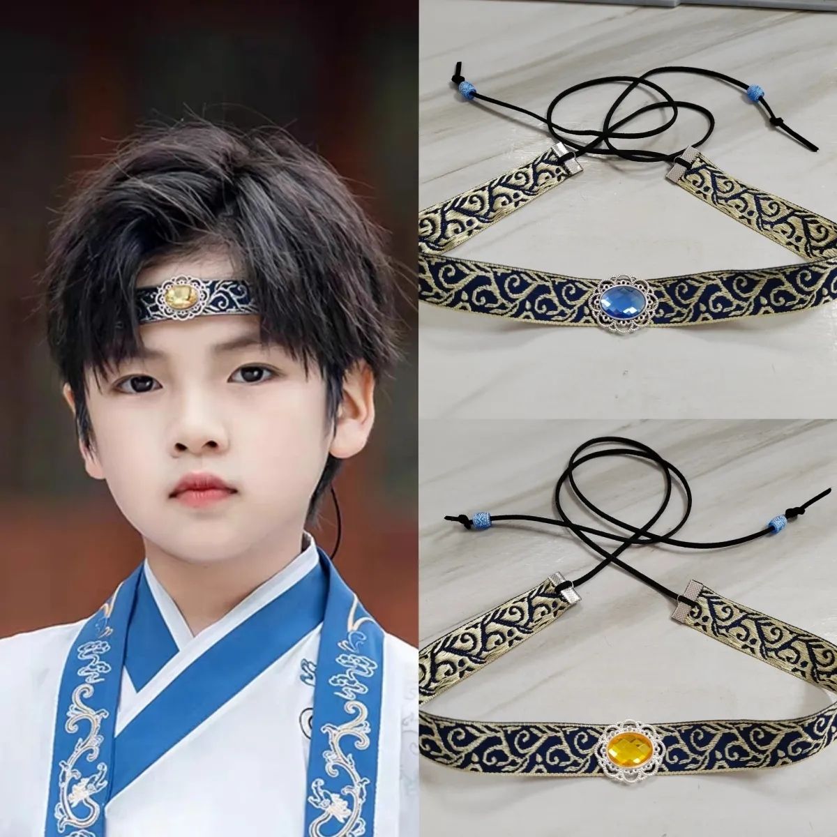 男童古装天蓝色发带抹额汉服头带古装头饰眉心眉头男额头公子古风
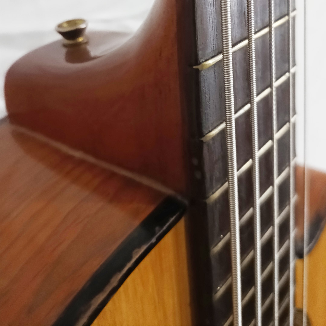 Originalmente una guitarra Gracia M10EQ, el luthier Ignacio Zumpano la transformó en este bajo de 5 cuerdas de nylon. Con preamp de 4 bandas y un look natural brillante, es ideal para bajistas que buscan algo único. No me urge venderla, pero si alguien la valora, podemos hablar.
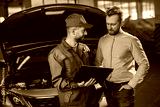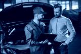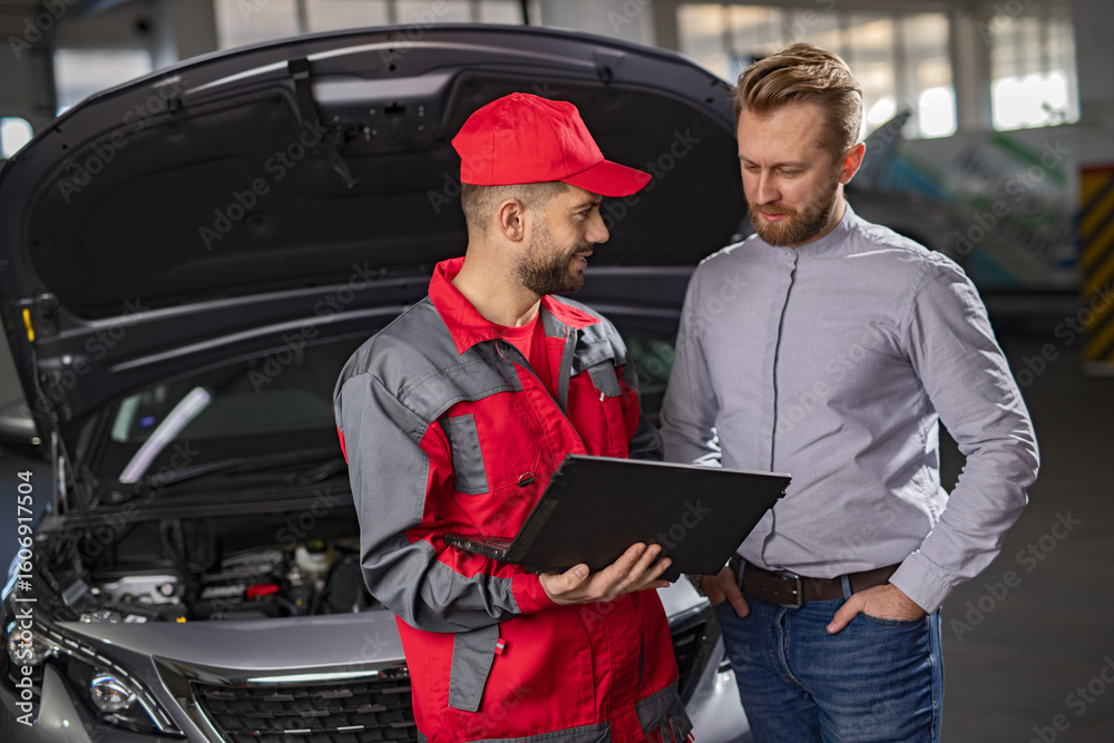 A mechanic in uniform shows a customer vehicle repair details on a tablet in the workshop.
★ ★ ★ ★ ★ ★ ★
§ What the task asks
Everything in the listing except the pictures must come back exactly as written.

§ Solution to the problem
 男童古装天蓝色发带抹额汉服头带古装头饰眉心眉头男额头公子古风
 Originalmente una guitarra Gracia M10EQ, el luthier Ignacio Zumpano la transformó en este bajo de 5 cuerdas de nylon. Con preamp de 4 bandas y un look natural brillante, es ideal para bajistas que buscan algo único. No me urge venderla, pero si alguien la valora, podemos hablar.
 A mechanic in uniform shows a customer vehicle repair details on a tablet in the workshop.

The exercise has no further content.